Now the null flag bit is reached: the field is still recorded from right to left: the name is not null in the design, which means that it will not appear in the null flag (the null flag is used to record the field that can be null, and the field that cannot be null will not be recorded in the null flag bit). If the address is null, it will be recorded as 1, if the gender is not null, it will be recorded as 0, if the class is null, and if the hobbies is not null, it will be recorded as 0; Therefore, the result is 0101 in the order of the fields, but the null flag bits are in reverse order. Therefore, the result stored in the null flag bits is roughly like this: 0101, the high order is 0


Let’s simulate the reading of this record: MySQL must know the field type (this has been determined when creating the data table), so the field not nul l l l such as name will not be stored in the null flag. The following are the detailed reading steps:

The name field is a primary key and cannot be in the null flag bit. Because the name field is a varchar field, you will look in the variable length field column. If you find the value 0x05, you will read the length of 5 characters in the field list, that is, roles. The first field is read successfully;

Then there is the address field. Because the type is known to MySQL and the field value is null, there is no need to read it. The second field is read;

Then there is the gender field, which is of char type. Just get f directly;

The next one is the class field. Because it is null, it will not be searched in the variable length field at all;

The last one is the hobbies field. Because it is not null, it is also the second variable length field. At this time, you will find it in the variable length field list. If the result is 0x08, you will read the length of 8 characters, and the result is hobby_ XX;

Having said that, I have introduced how to read the field value of the variable length field list and the null flag bit in a row of records. I wonder if you will show the description information of a row of records when you see the above content. At present, we only need to understand the basic functions of varchar and null storage, because these two tables are special and most frequently used. Other field types will not be discussed in this article.

We haven’t discussed the above record header information. Let’s introduce the record header information in detail.

Record header information

The recording header information is composed of 40 bit bits. The division and meaning of each bit are as follows:


In fact, the role of each bit of the record header has been clearly explained. Some concepts cannot be explained yet. Many things can only be explained when indexing. What we need to be clear about here is the meaning of each flag bit.

I think it’s enough to understand the record header here. It’s enough to clarify the meaning of each flag bit. As for more possibilities, we can’t touch them at all. This section is regarded as popular science.


3. How data is stored on disk

A picture has been drawn above:


It was said that the data is stored in the disk in this way: 0x03 null flag bit records header information dog B C, but in fact, the data in the following columns is not what we see. The disk is stored according to the character set code specified by the database. You think it may be stored in the above way.

In fact, it may look like this: 0x03 null flag bit records header information 123323223, that is to say, the actual data stored on the disk is not recognized by us at all. The following 123323223 are scribbled by me and have no meaning, mainly to show that the calculation is stored in a specific character code during actual storage.

In addition, each row of data actually has hidden fields when it is stored. I believe you will not be unfamiliar with this. Row_ ID you should know. You may have heard of it even if you haven’t used it.

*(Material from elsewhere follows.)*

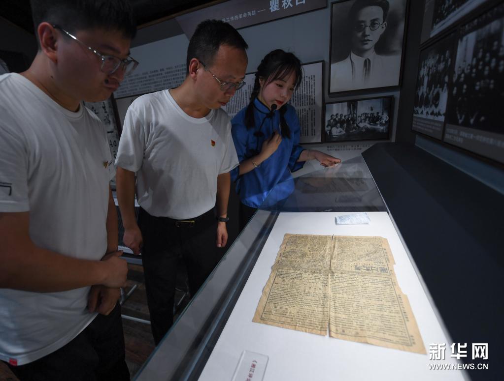 6月17日,党员在讲解员带领下参观“红色报刊史料研学中心”展示的1919年出版的《湘江评论》。新华社记者 徐昱 摄

This is a unique representation generated by the database for each row of records. If we don’t specify a primary key field or a unique key for the data table, the database will help us maintain a self growing row at this time_ The ID field is used as the primary key.

Another hidden field is the transaction ID, which is drawn in the upper layer of the second figure above. As the name suggests, it is a field related to transactions. The attribute field is named dB_ TRX_ ID, which will be explained in detail when it comes to transactions; The last one is also drawn on the second figure above, which is the rollback pointer DB_ Roll_ PTR, rollback is also a concept used by transactions. It is also introduced to you on the transaction side

Now let’s review the structure of the storage recorded on the disk in the next line:

0x08 0x05 00000101 000001010000000000000000000000000000001021134 44 232343

Speaking of storage, let’s talk about a storage related concept, row overflow.

line overflow

Having said that, I wonder if you have thought about a problem. We have been saying that MySQL storage is stored in the form of data pages, and the records in the data pages are row by row, but there is usually no problem under normal circumstances.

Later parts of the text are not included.